What the exercise asks: Word for word, restate the entries below, but exclude the images.

(Dataset records)

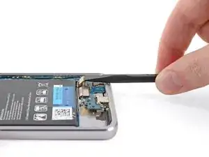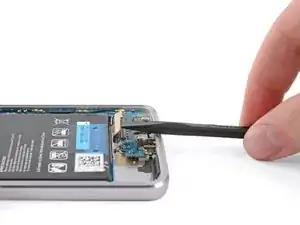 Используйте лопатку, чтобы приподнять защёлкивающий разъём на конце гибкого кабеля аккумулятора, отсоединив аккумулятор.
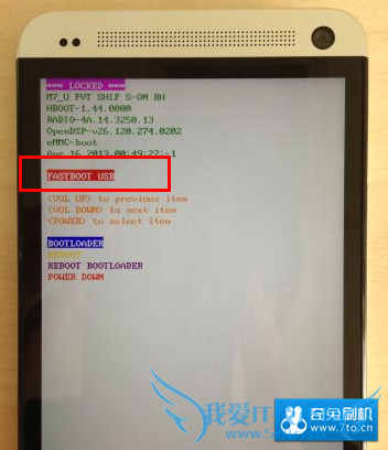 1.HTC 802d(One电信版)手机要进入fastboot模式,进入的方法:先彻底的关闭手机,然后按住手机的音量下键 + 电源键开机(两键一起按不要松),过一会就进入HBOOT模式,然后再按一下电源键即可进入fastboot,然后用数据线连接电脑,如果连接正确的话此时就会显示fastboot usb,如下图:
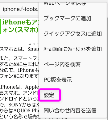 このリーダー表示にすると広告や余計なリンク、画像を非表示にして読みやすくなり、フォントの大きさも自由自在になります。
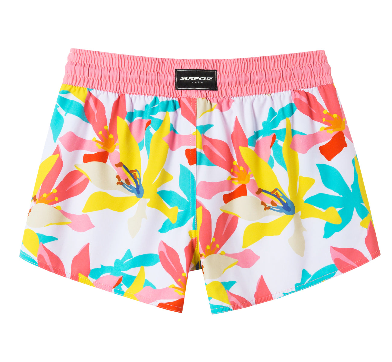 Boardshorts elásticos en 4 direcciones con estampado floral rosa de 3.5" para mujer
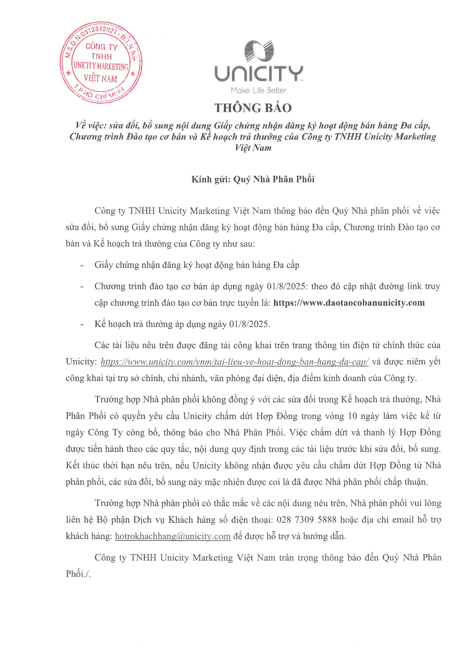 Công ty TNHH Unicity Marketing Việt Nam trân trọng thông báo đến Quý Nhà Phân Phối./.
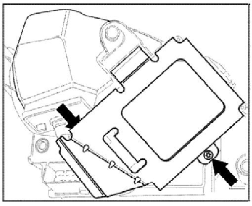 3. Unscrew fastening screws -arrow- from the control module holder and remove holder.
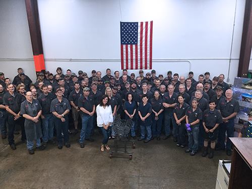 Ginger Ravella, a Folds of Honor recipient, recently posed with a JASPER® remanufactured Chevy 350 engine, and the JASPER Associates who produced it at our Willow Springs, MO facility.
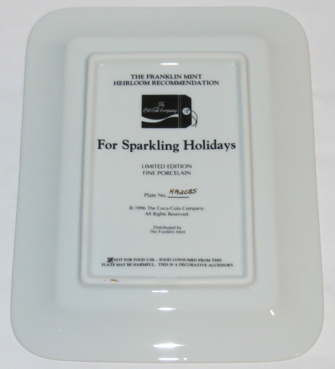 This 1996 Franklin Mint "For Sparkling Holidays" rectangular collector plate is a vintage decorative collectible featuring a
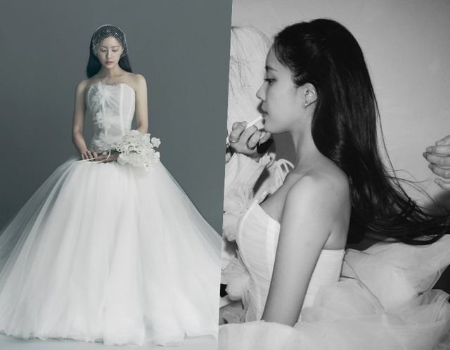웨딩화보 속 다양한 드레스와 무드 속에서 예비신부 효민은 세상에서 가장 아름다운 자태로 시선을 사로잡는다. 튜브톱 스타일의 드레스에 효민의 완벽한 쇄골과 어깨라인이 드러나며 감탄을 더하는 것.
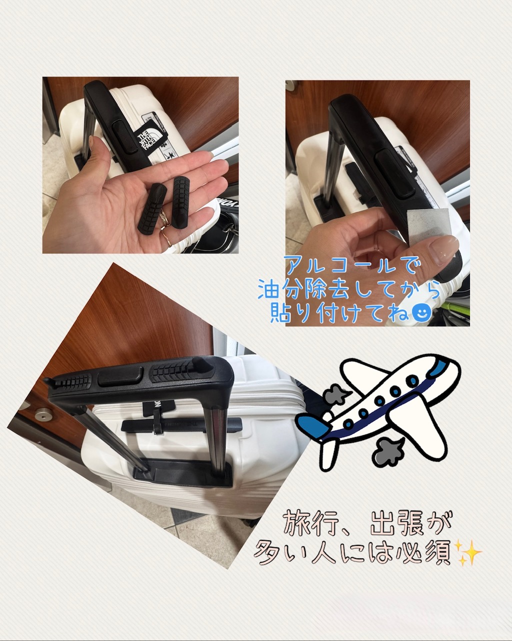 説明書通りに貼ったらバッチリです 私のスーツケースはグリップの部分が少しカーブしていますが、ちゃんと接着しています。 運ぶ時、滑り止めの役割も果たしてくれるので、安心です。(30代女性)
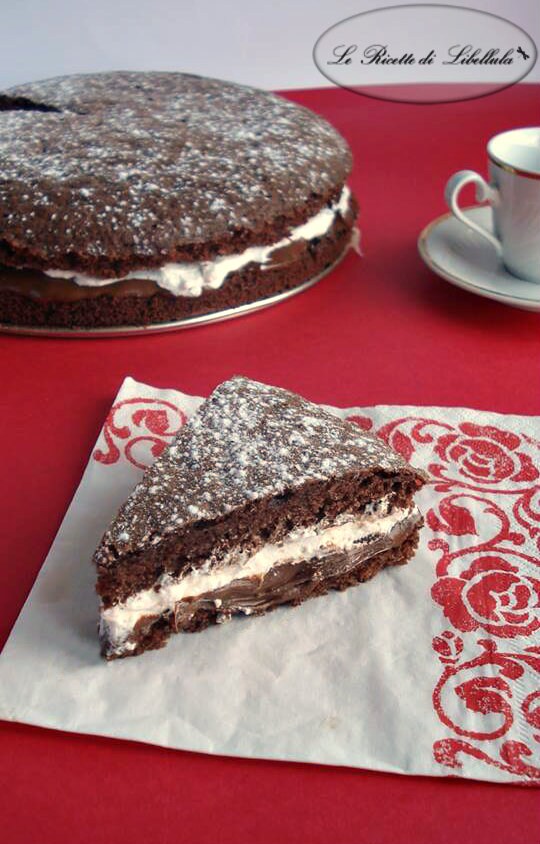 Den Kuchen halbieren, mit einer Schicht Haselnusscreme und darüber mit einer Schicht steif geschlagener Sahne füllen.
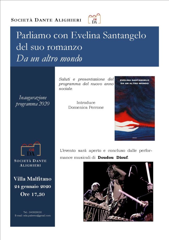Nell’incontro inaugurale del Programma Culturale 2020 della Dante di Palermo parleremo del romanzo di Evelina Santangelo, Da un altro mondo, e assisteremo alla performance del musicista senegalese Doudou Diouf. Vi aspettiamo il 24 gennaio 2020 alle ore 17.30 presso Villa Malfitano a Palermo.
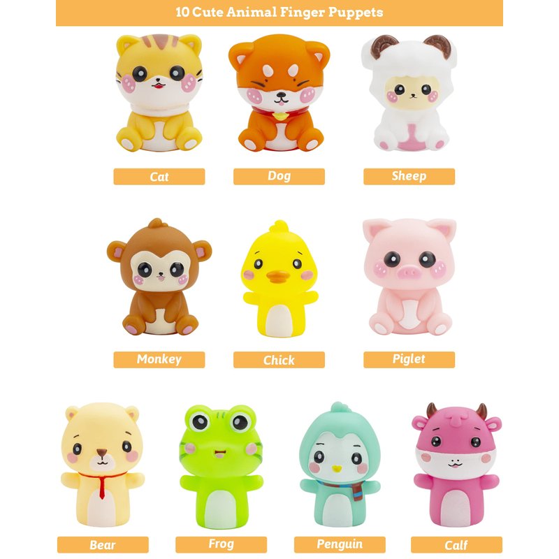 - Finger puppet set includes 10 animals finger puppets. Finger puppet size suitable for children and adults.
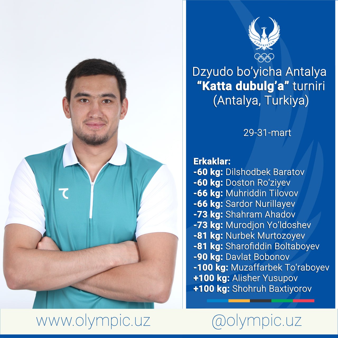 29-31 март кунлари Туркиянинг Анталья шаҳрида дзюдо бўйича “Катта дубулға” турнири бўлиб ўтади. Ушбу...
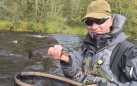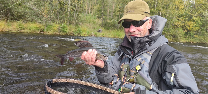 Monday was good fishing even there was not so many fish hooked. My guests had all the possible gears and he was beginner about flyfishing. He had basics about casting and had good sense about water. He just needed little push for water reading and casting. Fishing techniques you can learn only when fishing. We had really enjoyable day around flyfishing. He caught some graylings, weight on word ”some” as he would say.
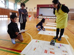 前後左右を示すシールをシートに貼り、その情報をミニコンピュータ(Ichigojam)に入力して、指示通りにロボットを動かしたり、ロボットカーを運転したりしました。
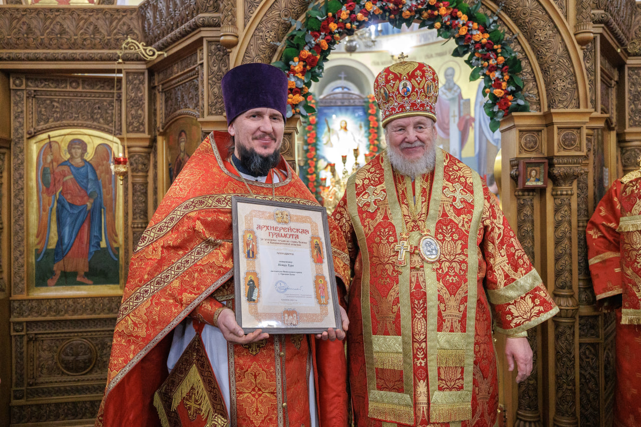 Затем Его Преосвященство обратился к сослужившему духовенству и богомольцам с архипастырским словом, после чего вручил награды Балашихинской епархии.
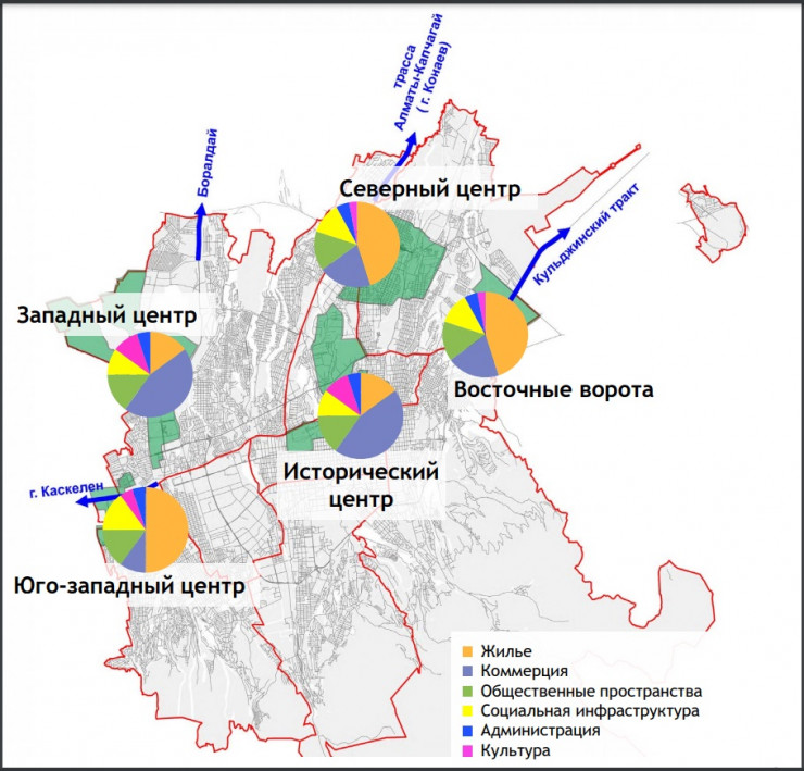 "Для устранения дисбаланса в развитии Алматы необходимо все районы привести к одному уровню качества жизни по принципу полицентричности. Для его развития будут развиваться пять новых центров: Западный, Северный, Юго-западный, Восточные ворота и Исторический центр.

Answer to the exercise:
 Используйте лопатку, чтобы приподнять защёлкивающий разъём на конце гибкого кабеля аккумулятора, отсоединив аккумулятор.
 1.HTC 802d(One电信版)手机要进入fastboot模式,进入的方法:先彻底的关闭手机,然后按住手机的音量下键 + 电源键开机(两键一起按不要松),过一会就进入HBOOT模式,然后再按一下电源键即可进入fastboot,然后用数据线连接电脑,如果连接正确的话此时就会显示fastboot usb,如下图:
 このリーダー表示にすると広告や余計なリンク、画像を非表示にして読みやすくなり、フォントの大きさも自由自在になります。
 Boardshorts elásticos en 4 direcciones con estampado floral rosa de 3.5" para mujer
 Công ty TNHH Unicity Marketing Việt Nam trân trọng thông báo đến Quý Nhà Phân Phối./.
 3. Unscrew fastening screws -arrow- from the control module holder and remove holder.
 Ginger Ravella, a Folds of Honor recipient, recently posed with a JASPER® remanufactured Chevy 350 engine, and the JASPER Associates who produced it at our Willow Springs, MO facility.
 This 1996 Franklin Mint "For Sparkling Holidays" rectangular collector plate is a vintage decorative collectible featuring a
웨딩화보 속 다양한 드레스와 무드 속에서 예비신부 효민은 세상에서 가장 아름다운 자태로 시선을 사로잡는다. 튜브톱 스타일의 드레스에 효민의 완벽한 쇄골과 어깨라인이 드러나며 감탄을 더하는 것.
 説明書通りに貼ったらバッチリです 私のスーツケースはグリップの部分が少しカーブしていますが、ちゃんと接着しています。 運ぶ時、滑り止めの役割も果たしてくれるので、安心です。(30代女性)
 Den Kuchen halbieren, mit einer Schicht Haselnusscreme und darüber mit einer Schicht steif geschlagener Sahne füllen.
Nell’incontro inaugurale del Programma Culturale 2020 della Dante di Palermo parleremo del romanzo di Evelina Santangelo, Da un altro mondo, e assisteremo alla performance del musicista senegalese Doudou Diouf. Vi aspettiamo il 24 gennaio 2020 alle ore 17.30 presso Villa Malfitano a Palermo.
 - Finger puppet set includes 10 animals finger puppets. Finger puppet size suitable for children and adults.
 29-31 март кунлари Туркиянинг Анталья шаҳрида дзюдо бўйича “Катта дубулға” турнири бўлиб ўтади. Ушбу...
 Monday was good fishing even there was not so many fish hooked. My guests had all the possible gears and he was beginner about flyfishing. He had basics about casting and had good sense about water. He just needed little push for water reading and casting. Fishing techniques you can learn only when fishing. We had really enjoyable day around flyfishing. He caught some graylings, weight on word ”some” as he would say.
 前後左右を示すシールをシートに貼り、その情報をミニコンピュータ(Ichigojam)に入力して、指示通りにロボットを動かしたり、ロボットカーを運転したりしました。
 Затем Его Преосвященство обратился к сослужившему духовенству и богомольцам с архипастырским словом, после чего вручил награды Балашихинской епархии.
 "Для устранения дисбаланса в развитии Алматы необходимо все районы привести к одному уровню качества жизни по принципу полицентричности. Для его развития будут развиваться пять новых центров: Западный, Северный, Юго-западный, Восточные ворота и Исторический центр.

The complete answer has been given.